== Segment start ==

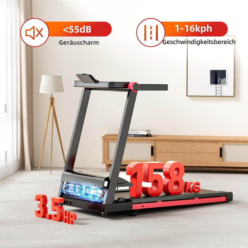 - Leistungsstarker und Leiser Motor: Superun Laufband für Zuhause Leise ist mit einem leistungsstarken 2573-W-Motor ausgestattet, der eine Tragfähigkeit von 158 kg bietet. Der Hochleistungsmotor bietet Geschwindigkeiten von 1-16 km/h und erzeugt nicht mehr als 55 dB Lärm, mit niedrigem Geräuschpegel für ein leises und komfortables Training.
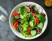 sałatka z ziołami wymieszać cebulę, ogórki i pomidory
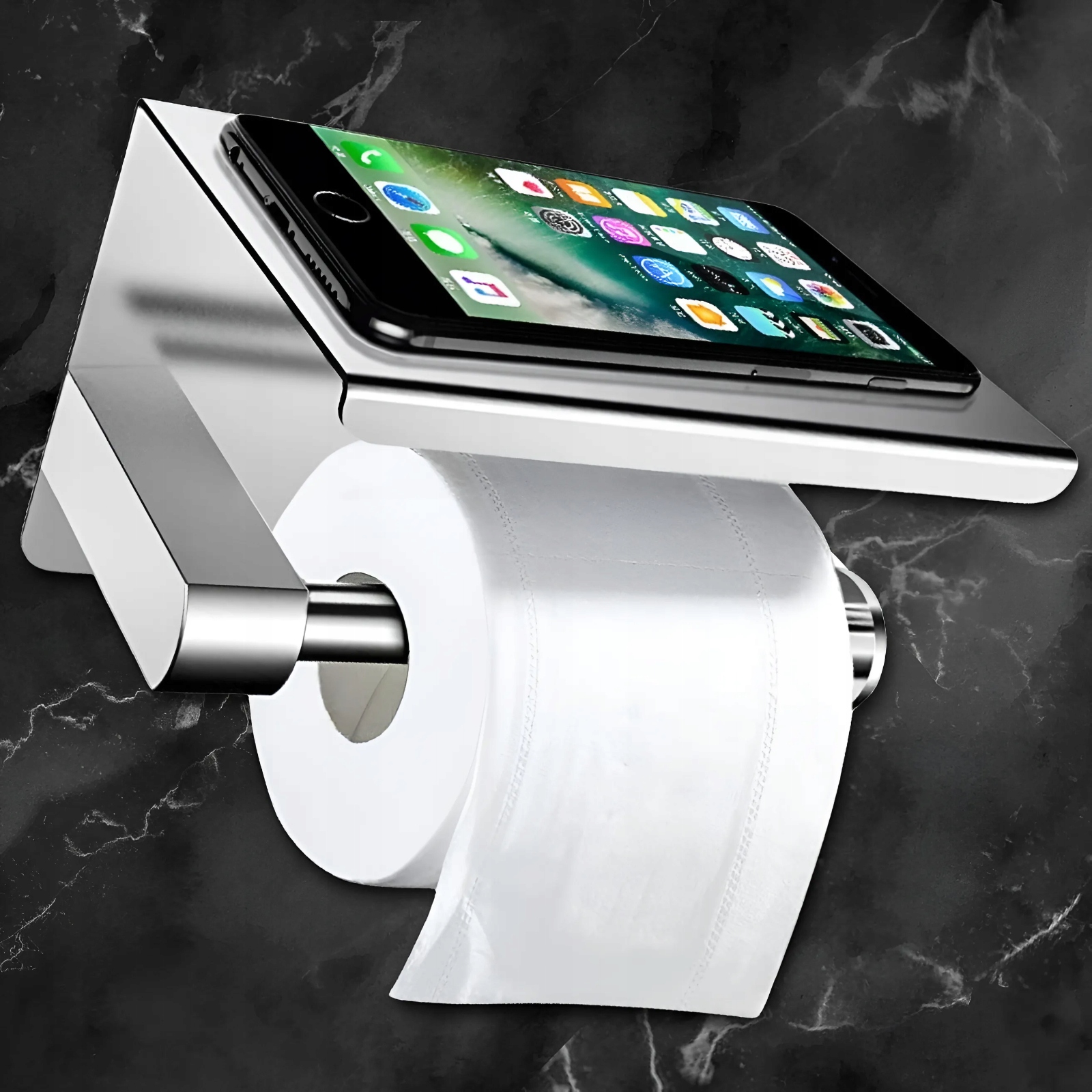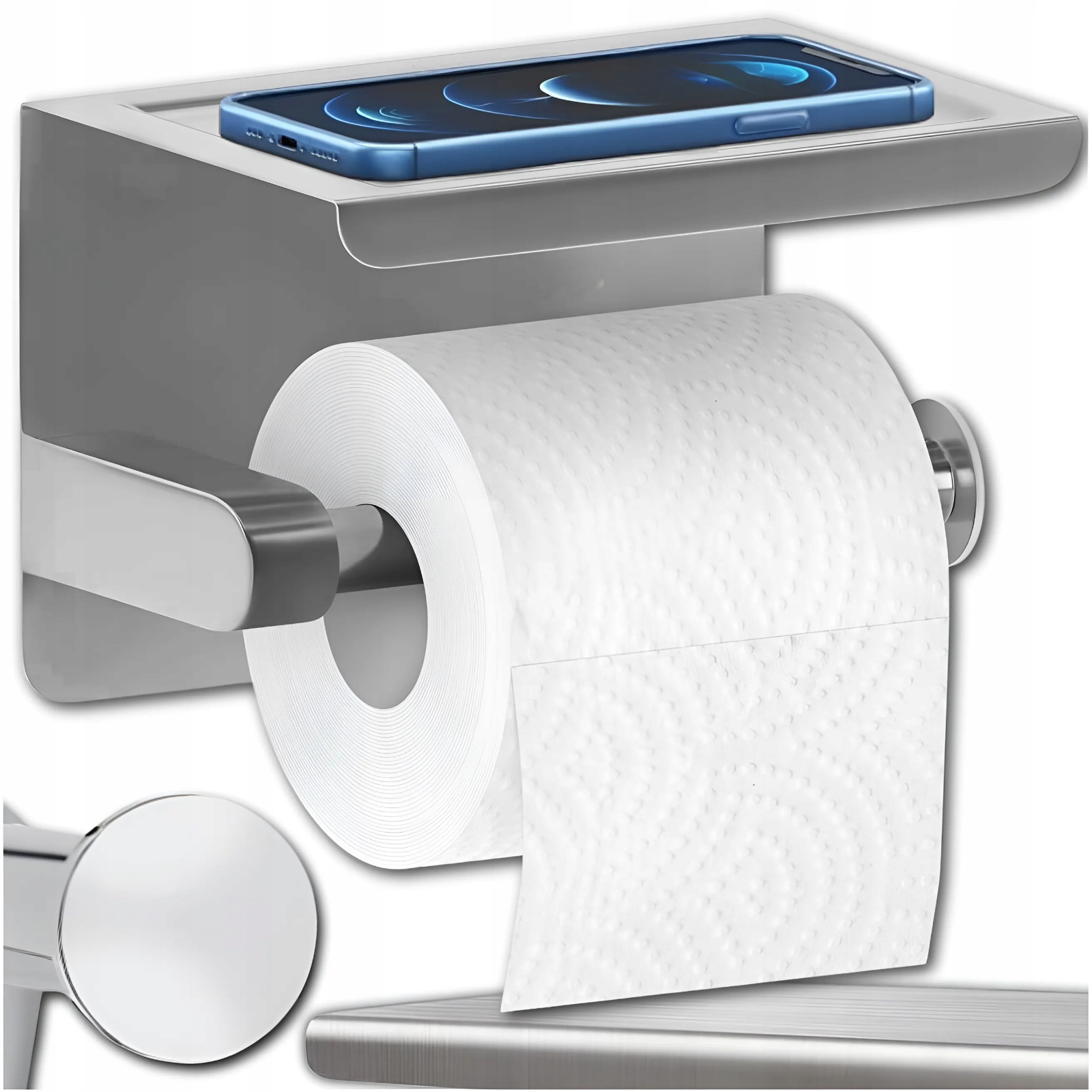 Держатель туалетной бумаги с полкой твердо изготовлен из лучших материалов, устойчивых к коррозии и повреждениям, что обеспечивает долговечность и надежность во влажной среде ванной комнаты.
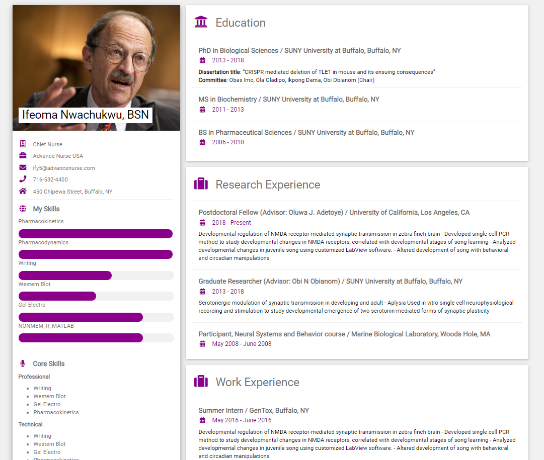 R2Resume provides a flexible means for customizating the look of your site. With various templates and sections usable, you may add or remove items in order to create a self-satisfactory look for your resume site.
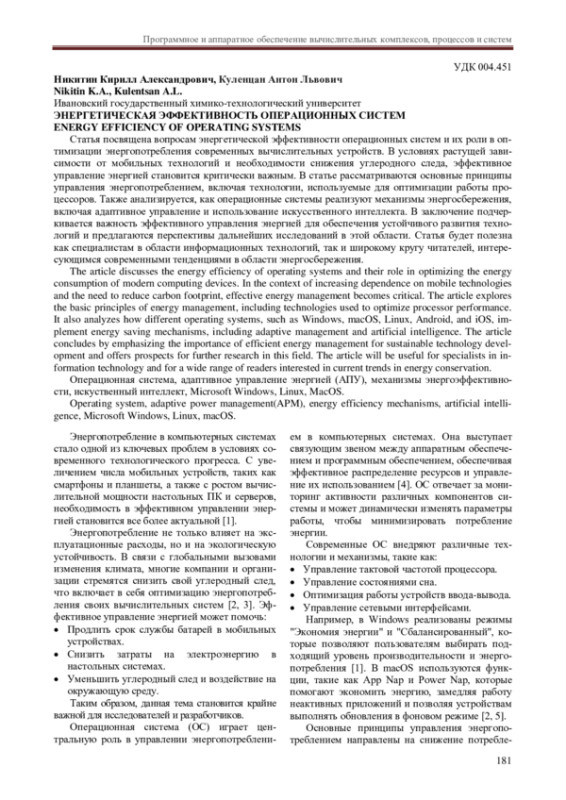 Статья посвящена вопросам энергетической эффективности операционных систем и их роли в оптимизации энергопотребления современных вычислительных устройств. В условиях растущей зависимости от мобильных технологий и необходимости снижения углеродного следа, эффективное управление энергией становится критически важным. В статье рассматриваются основные принципы управления энергопотреблением, включая технологии, используемые для оптимизации работы процессоров. Также анализируется, как операционные системы реализуют механизмы энергосбережения, включая адаптивное управление и использование искусственного интеллекта. В заключение подчеркивается важность эффективного управления энергией для обеспечения устойчивого развития технологий и предлагаются перспективы дальнейших исследований в этой области. Статья будет полезна как специалистам в области информационных технологий, так и широкому кругу читателей, интересующимся современными тенденциями в области энергосбережения.

== Segment end ==

PROMPT:
Exact copy, pictures excluded: from the line with "Держатель туалетной бумаги" up to and including the line with "R2Resume provides a" in the data above.

SOLUTION BELOW:
 Держатель туалетной бумаги с полкой твердо изготовлен из лучших материалов, устойчивых к коррозии и повреждениям, что обеспечивает долговечность и надежность во влажной среде ванной комнаты.
 R2Resume provides a flexible means for customizating the look of your site. With various templates and sections usable, you may add or remove items in order to create a self-satisfactory look for your resume site.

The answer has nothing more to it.